Wednesday, January 24, 2007

Mystery from Micronesia

We received this note from a physician in Hawaii. Your thoughts will be appreciated.

"Two years ago, I was shown photos of a severe skin condition which afflicted more than 80 persons on the tiny atoll of Satowan in Chuuk. Now, more than 100 persons on Satowan are affected and about 10 on the neighboring atoll of Lekinioch.

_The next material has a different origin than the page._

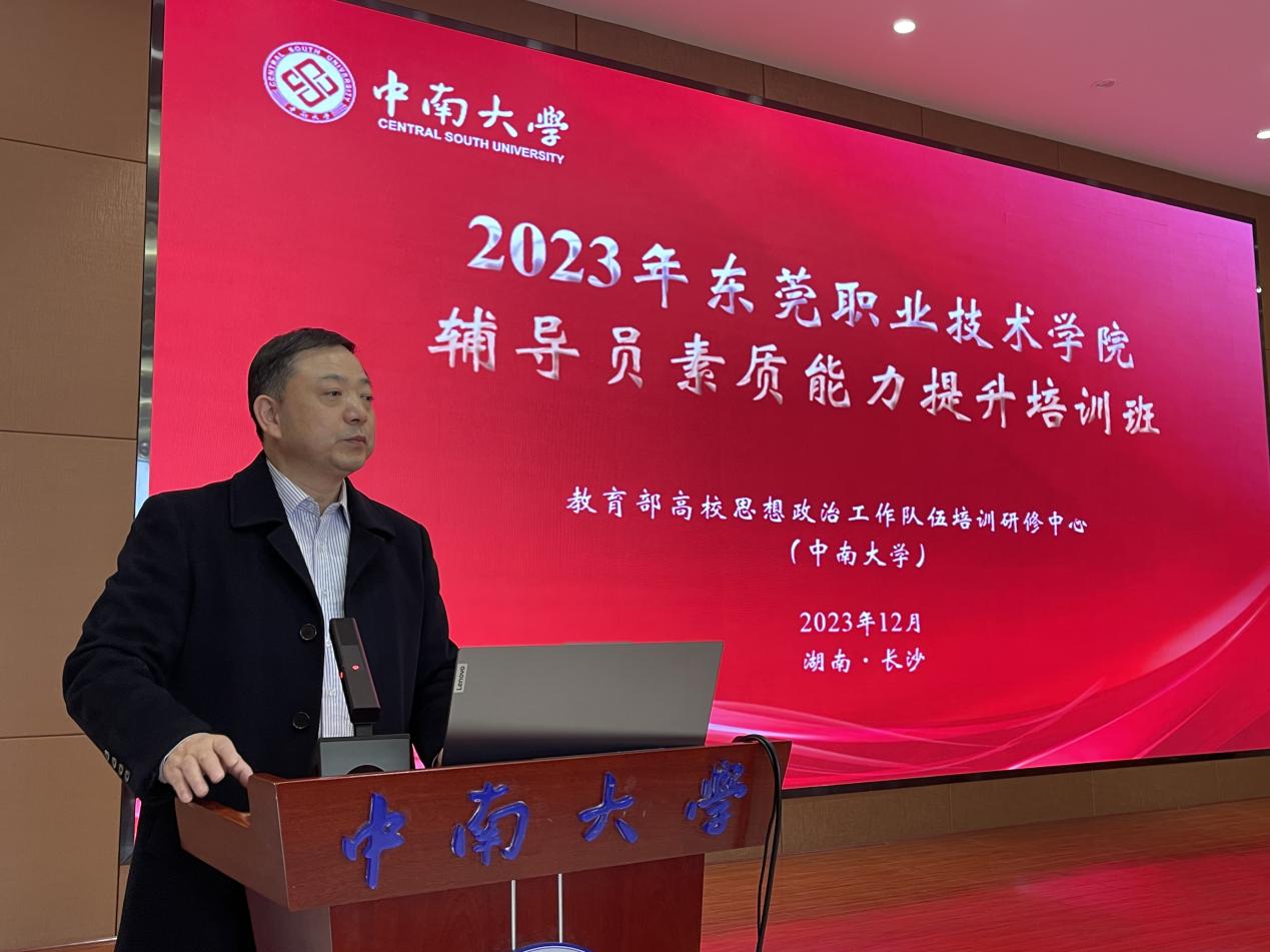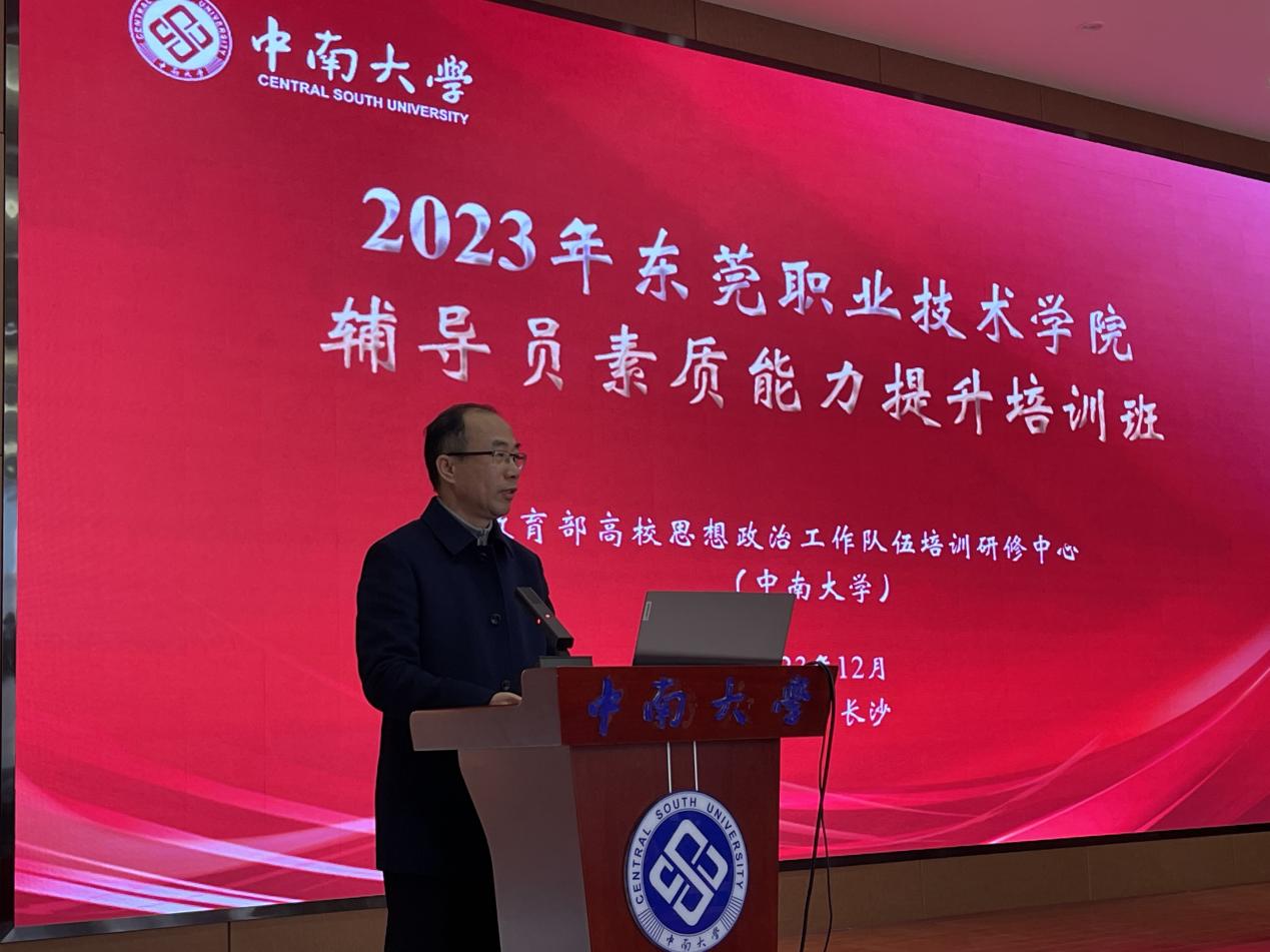 12月27日下午,2023年东莞职业技术学院辅导员素质能力提升培训开班仪式在中南大学毓秀楼238报告厅举行,副校长杨云奇主持了开班仪式,中南大学党委常委、党委副书记李景升致辞。

Affected persons develop thick, pink plaques, usually on the arms and legs – this appearance resulted in the nickname “Spam.” While the condition is not life-threatening, the people with the condition are sometimes ostracized and made to feel shame and embarrassment. Anecdotally, the plaques are more common in those who work or play outdoors (particularly taro farmers) and may sometimes occur following skin trauma.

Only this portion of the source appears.